Her father waited longer — six years — to play in an NFL regular-season game. It never happened.

As Meyers Taylor lines up to make her third Olympic bobsled team, her dad helps her train. By sitting in the driver seat of black Kia Sportage as his daughter pushes the 3,500-pound SUV down a driveway.

Eddie Meyers set school rushing records at Navy in the early 1980s and was destined for the NFL. Except he first had to serve six years of military service.

For six straight summers from 1982-87, Meyers used his Marine leave to join the Atlanta Falcons training camp.

“I’m a hell of a lot hungrier now than I was when I finished at the Academy in 1982,” Meyers said in 1986, according to the Los Angeles Times. “I’ve been waiting a long time. It’s been driving me crazy for five years.”

He played exhibition games — 23 carries, 108 yards, one touchdown in total, according to the Atlanta Journal-Constitution — but never in the regular season. Dreams deferred. Duty called.
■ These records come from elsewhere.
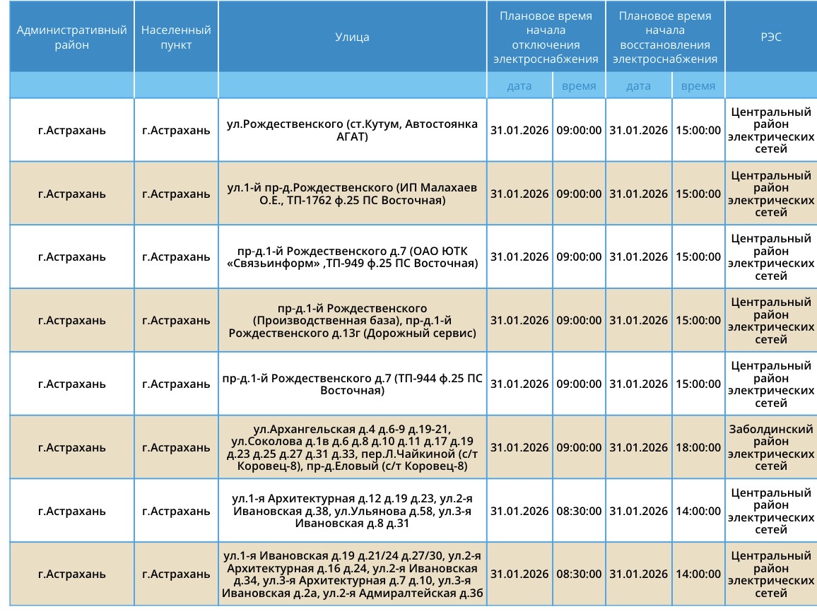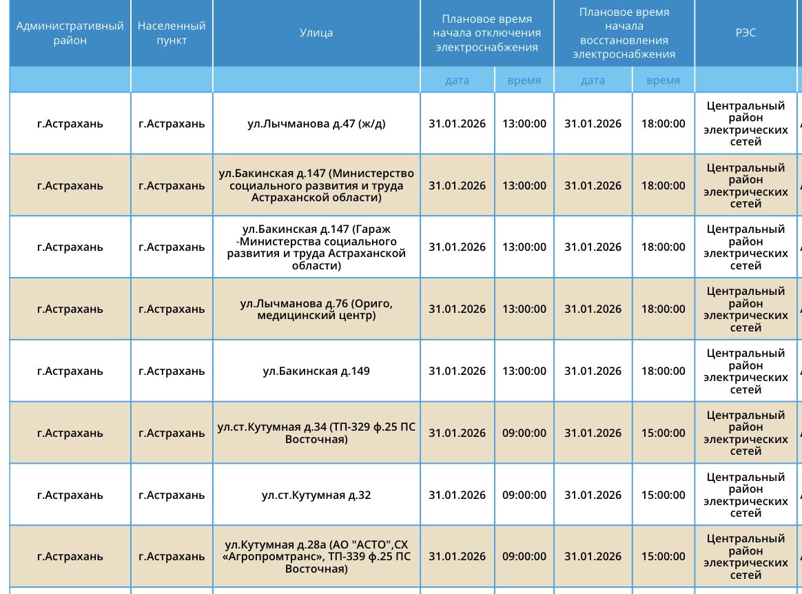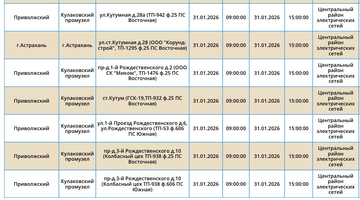 По информации сотрудников ПАО «Россети Юг», в субботу астраханцев ждут новые отключения света. Пройдут они из-за плановых работ на электросетях. Так, электроэнергии не будет в областном центре, а также в Приволжском районе региона. Отключения затронут жилые дома, здание министерства, автостоянку, организации и многое другое. Подробности ниже: А информацию обо всех коммунальных проблемах нашего города вы можете найти на этой карте. Здесь, в режиме реального времени, вы можете наблюдать за отключениями света, воды и т.д. Если возникли незапланированные отключения, можно обращаться по указанным контактным телефонам:
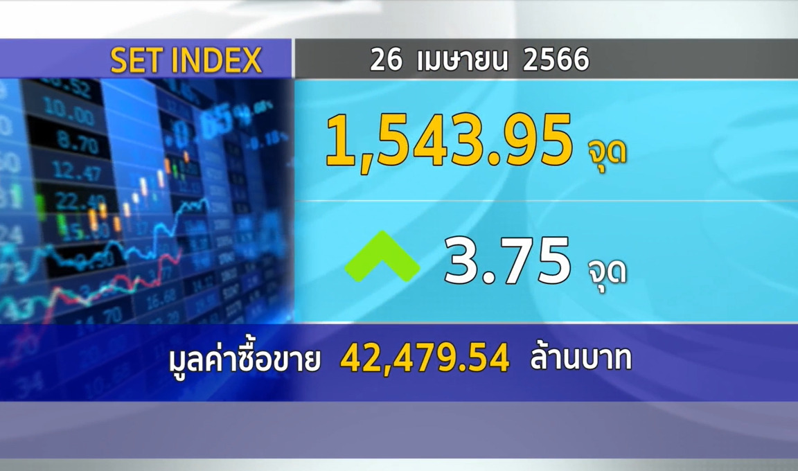 กทม. 26 เม.ย.-SET ปิดวันนี้ที่ 1,543.95 จุด เพิ่มขึ้น 3.75 จุด (+0.24%) มูลค่าการซื้อขาย 42,479.54 ล้านบาท
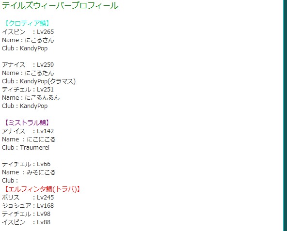 アナイス :Lv259 Name:にこるたん Club:KandyPop(クラマス) ティチェル:Lv251 Name:にこるんるん Club:KandyPop
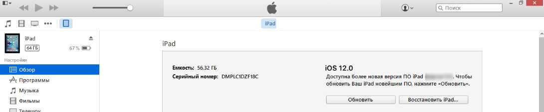 - Подключить устройство к iTunes.
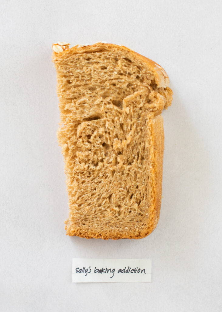 This bread reminded me EXACTLY of the store-bought whole wheat loaves I grew up eating every week–right down to the sprinkling of oats on top. The interior is incredibly fluffy with an airy stretchiness and a thin, starchy crust. Similarly to Jennuine, there was a squishy quality to the crumb where it compresses in a satisfying way when you take a bite. I absolutely loved the fluffy texture, though the flavor is very savory and not at all sweet.
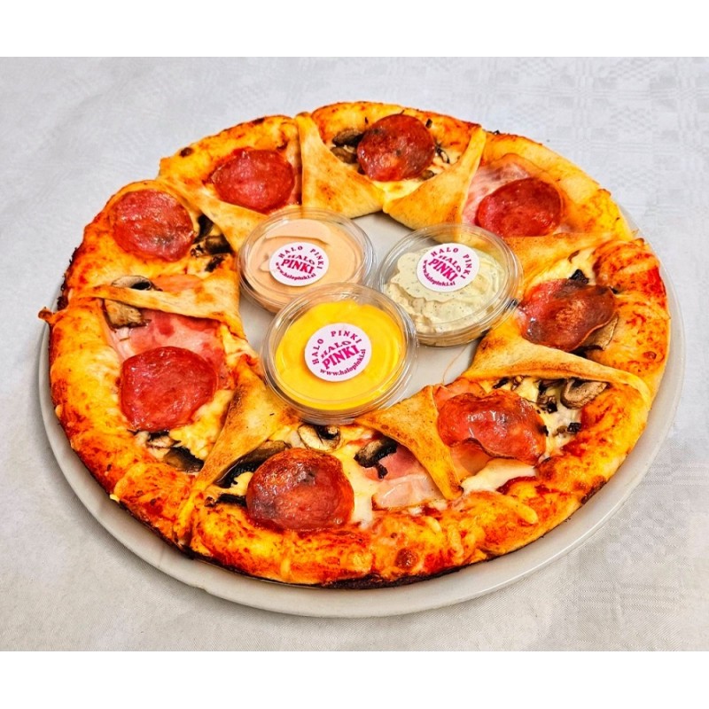 pelati z origanom, šunka, sir, gobe ( tris omak: domača, nacho, tatrska)
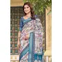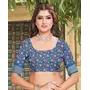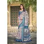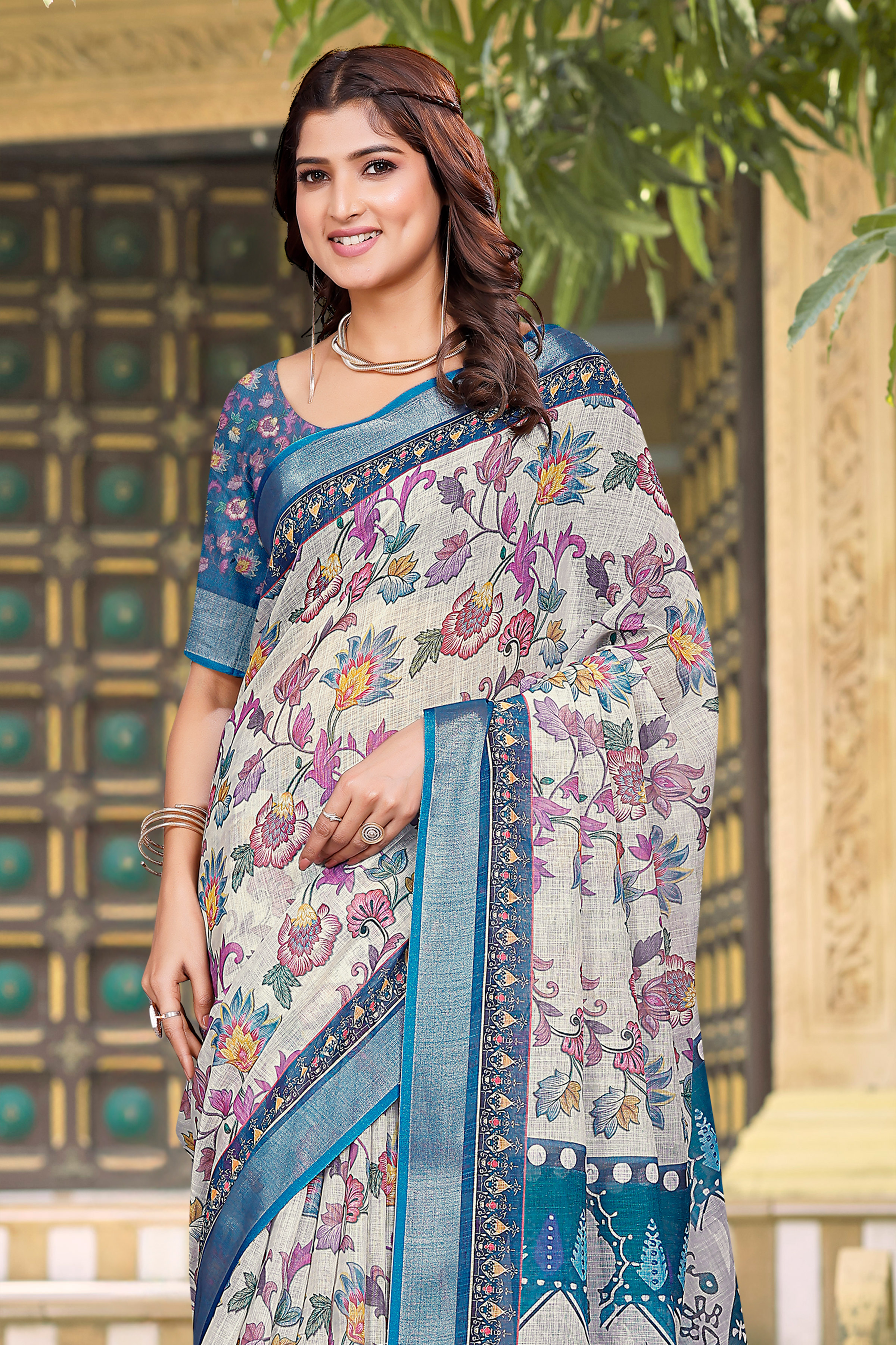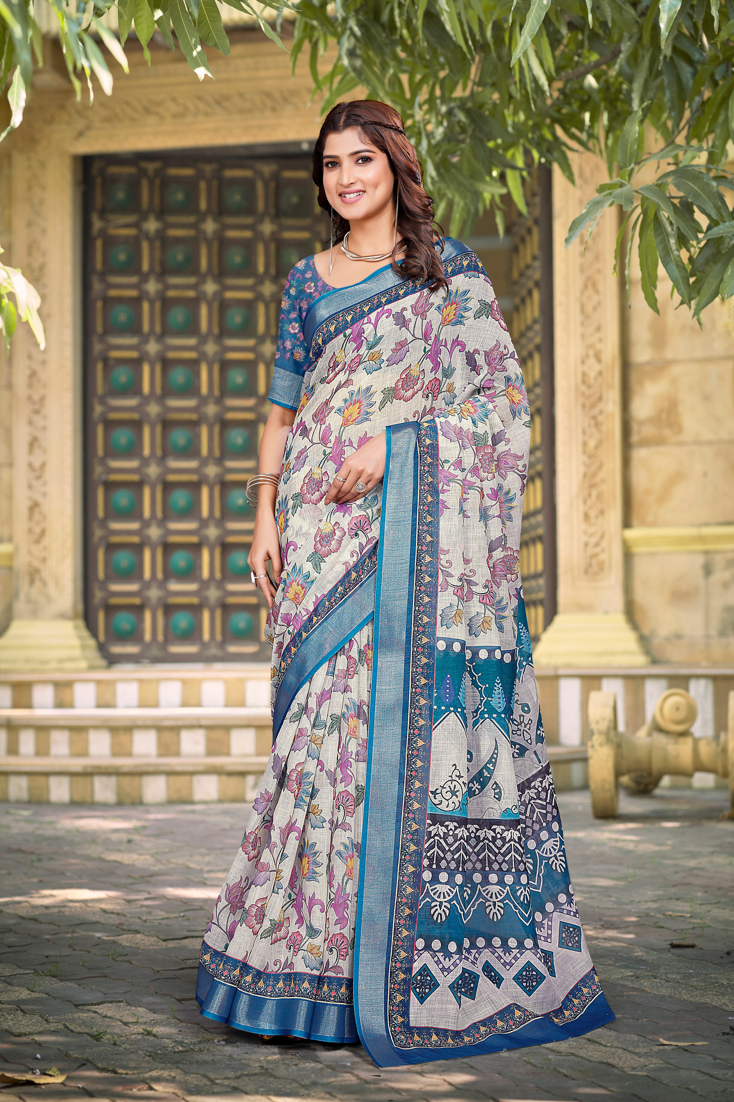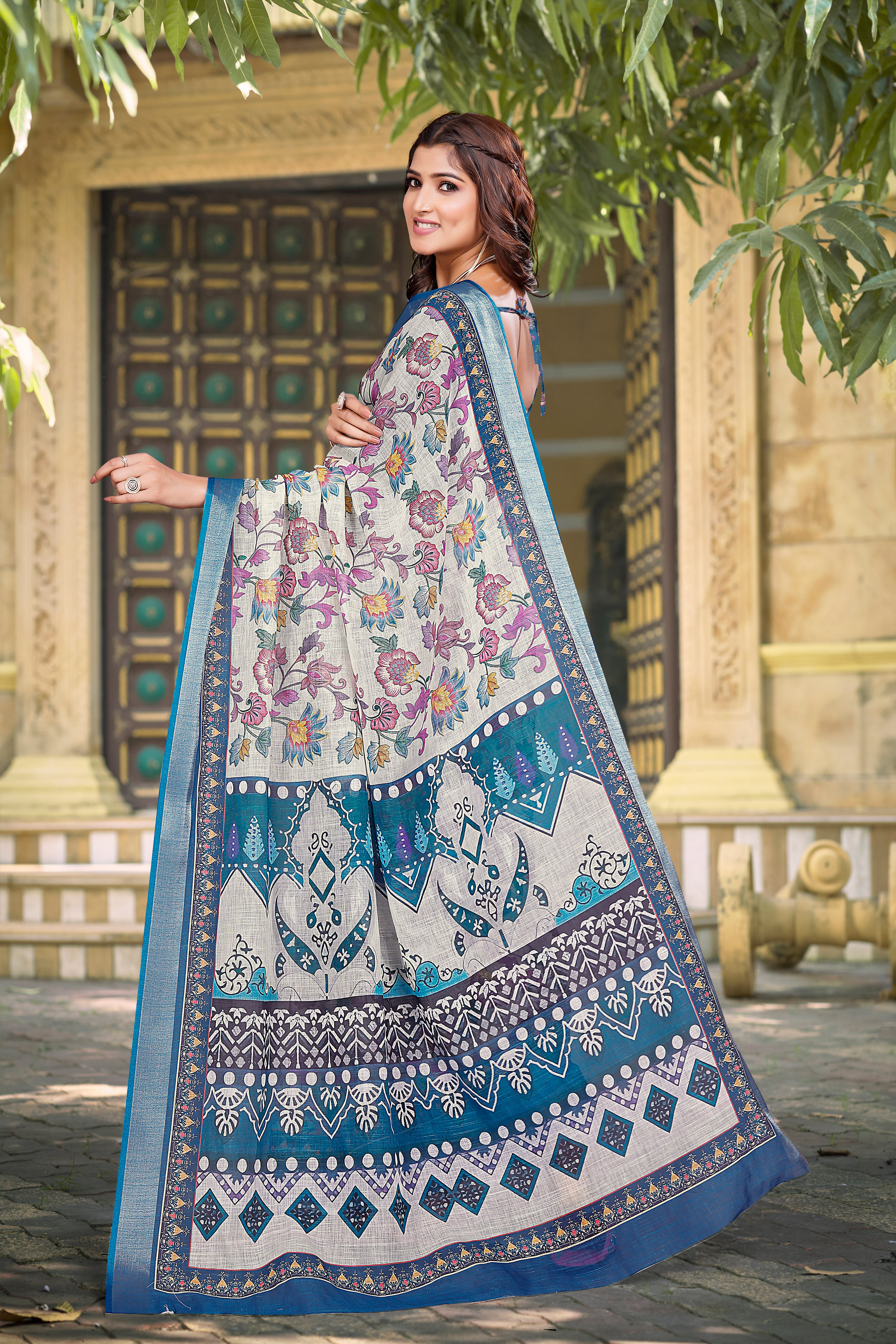 Blue Color Linen Cotton Saree With Smart Partywear Printed Looks

“I wrote up several different types of appeals,” Meyers, who became a regional president of PNC Bank in Atlanta, told NBC News. “The Marine Corps just would not allow it.”

Once the six years were up, Meyers suffered a toe injury in the 1987 preseason and was later released.

“I know it’s a sore subject for him, so he doesn’t bring it up very often,” Meyers Taylor said.

In 2006, the Meyers were watching the Torino Winter Games when Elana’s mother suggested she try bobsled.

At the time, Elana was a college softball player with Olympic aspirations. She wouldn’t make the team for 2008, which would be softball’s last time on the Olympic program (until 2020, we learned last year).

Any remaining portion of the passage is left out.